HashMap

Data Structures, Algorithms

Liansong included in Algorithms-Data Structures

2020-12-03 10:14:00 1062 words 5 minutes 次阅读量

/en/2020-05-07-hashmap/featured-image.png

Contents

1. The background of HashMap

In this part, we first introduce hash tables and hashes from the advantages and disadvantages of arrays and linked lists. Take a look at the characteristics of hash tables and hashes compared to the first two.

1.1 Advantages and disadvantages of arrays

First look at the memory structure diagram of the array.

Looking at this picture, you should clearly see the characteristics, advantages and disadvantages of the array.

Arrays are characterized by sequential storage and a fixed length of length
It is very convenient to find data in the array, you can directly read the data at a fixed position according to the index (advantage)
It is very troublesome to add and delete data in the array, you need to expand the array first, and then reassign the array (disadvantage)

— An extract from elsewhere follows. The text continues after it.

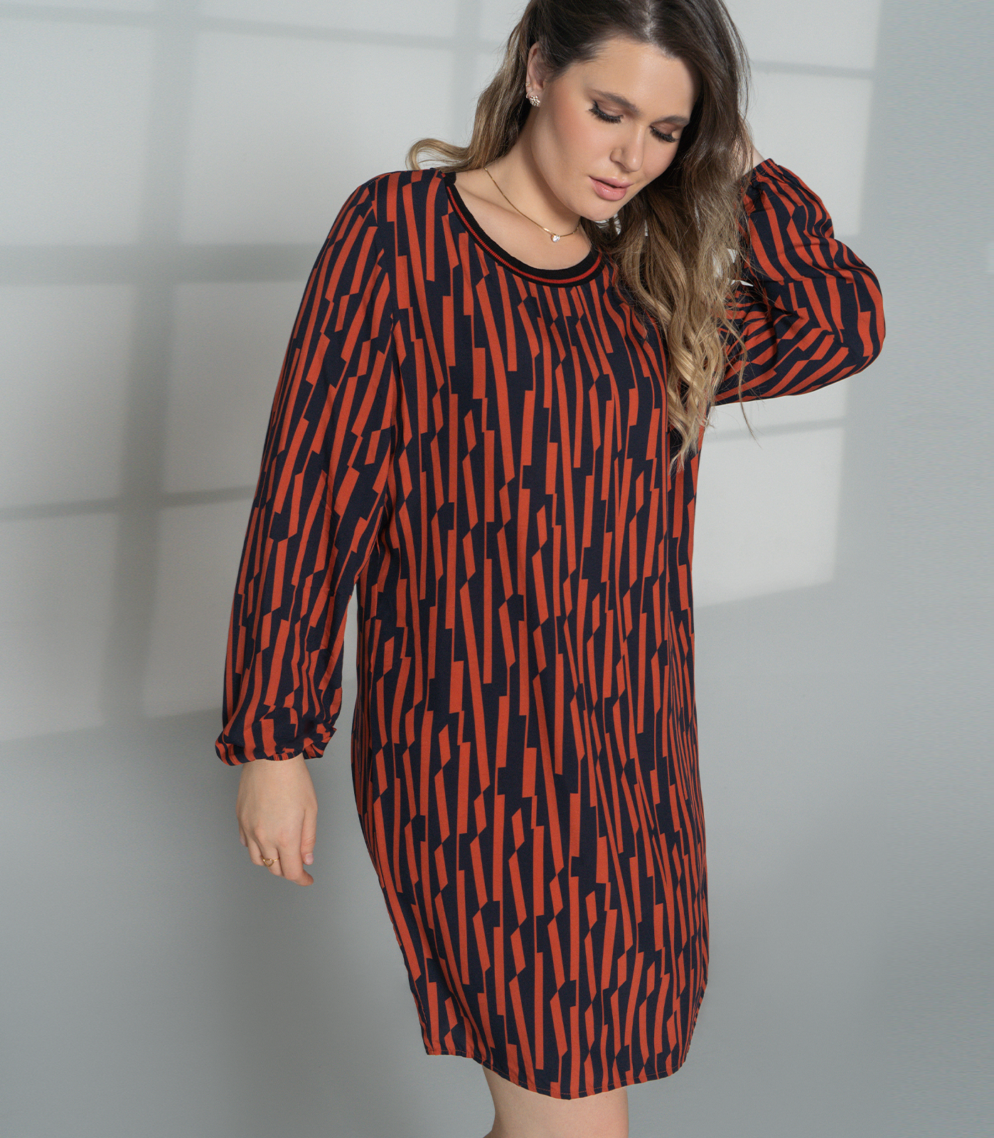 Destaque-se com o novo vestido com listras de Viscose Khyara manga longa Terracota e Preto. Com combinação de cores elegantes, listras verticais e manga longa é uma peça moderna, confortável e versátil para qualquer ocasião.

1.2 Advantages and disadvantages of linked list

Let’s take a look at the memory structure diagram of the linked list. There are also many kinds of linked lists, one-way, two-way, circular, etc. Let’s take a single linked list as an example.

In the above two pictures, the first one is the memory structure diagram of the linked list. It can be seen that the structure of the linked list has a data area and an address area, and the address area points to the next element in turn. The insertion and deletion operations of the linked list are also very convenient, just point the address of the previous one to the element to be inserted. So from the linked list we can also get the following characteristics.

The length of the linked list is not fixed and can be dynamically adjusted as needed
The search of the linked list will be very troublesome, it cannot be searched according to the index, and it needs to be traversed from beginning to end one by one (disadvantage)
The insertion and deletion operations of the linked list are very convenient (advantage)

1.3 Hash tables and hashes

Having said so much, I have listed the advantages and disadvantages of the first two data structures. Is there a data structure that can combine the advantages of the above two at the same time? This is about the hash table.

Let’s take a look at the structure of the hash table.

This is the memory structure diagram of the hash table. You can take a look, it is divided into two parts, the purple part on the left is an array structure, each array has a head pointer of a linked list, and the green part on the right is a linked list structure, which is used to resolve conflicts. The hash table is a feature that integrates the two data structures of arrays and linked lists.

Hash is an algorithm whose principle is to convert an input of any length into a fixed-length output. The method of this mapping is the Hash algorithm. The Hash algorithm has the following characteristics:

No reverse derivation is possible. It means that the original data cannot be deduced from the results
Any minor change to the original data will result in a different result
The execution efficiency of the Hash algorithm is very high
Hash algorithm has collision probability. Because the input space is much larger than the output space, there may be different input to get the same output problem

2. HashMap principle

2.1 Physical structure of HashMap

Having said so much earlier, HashMap can be easily understood, which is a hash table implemented by the Hash algorithm. See the picture below.

It is array + linked list + red-black tree structure.

The linked list is a linked list added to the array structure when there are conflicting elements.

When the number of linked list nodes is greater than or equal to 8, and the number of all elements in the hash table is greater than 64, the linked list structure will be upgraded to a red-black tree structure.

2.1 HashMap insert data process

You can look at this picture, this process is the process of inserting data into HashMap.

First of all, the inserted key is converted into a hash value through the hash algorithm, and then the hash value is passed through the disturbance function to make the hash value more hashed, and then the node node of the hash is constructed, and then according to the routing algorithm, it is calculated that the node node should be inserted into which location.

You can look at this routing formula, table length is the length of the hash array, generally the power of 2, and then element with the hash value to get the insertion position, and insert this node into the node of the hashmap.

2.2 Hash collision

As mentioned earlier, when two different inputs get the same hash value, or when there is a conflict in the calculated node position according to the routing formula, a Hash collision will also occur. After a Hash collision occurs, a linked list will be formed at the array nodes.

2.3 Hash Expansion

It can be seen that if the size of the Hash array is limited, Hash collisions will easily occur. After a Hash collision occurs, the length of the linked list will become longer and longer. As a result, the advantages of HashMap cannot be used, and the linked list will be relied on. So in order to solve this problem, it is necessary to expand the Hash. After expansion, collisions can be effectively reduced.

3. HashMap source code analysis

3.1 C++ Key-Value container

JAVA’s HashMap uses JDK. C++ has many key-value containers, map / hash_map / unordered_map / vector_map.

Map is implemented with a red-black tree, and it takes a long time to build a map.

vector_map is not implemented in c++. The basic idea is to use vector to save data, sort after insertion, and then use binary search.

The implementation of hash_map and STL is called unordered_map, which are all implemented based on hash_table. First, a large area of memory is allocated to form many buckets, and the keys are mapped to different buckets using the hash function.

The search speed of hash_map is faster than that of map, and its search speed has nothing to do with the size of the data, which belongs to the constant level. The search speed of map is log(n) level.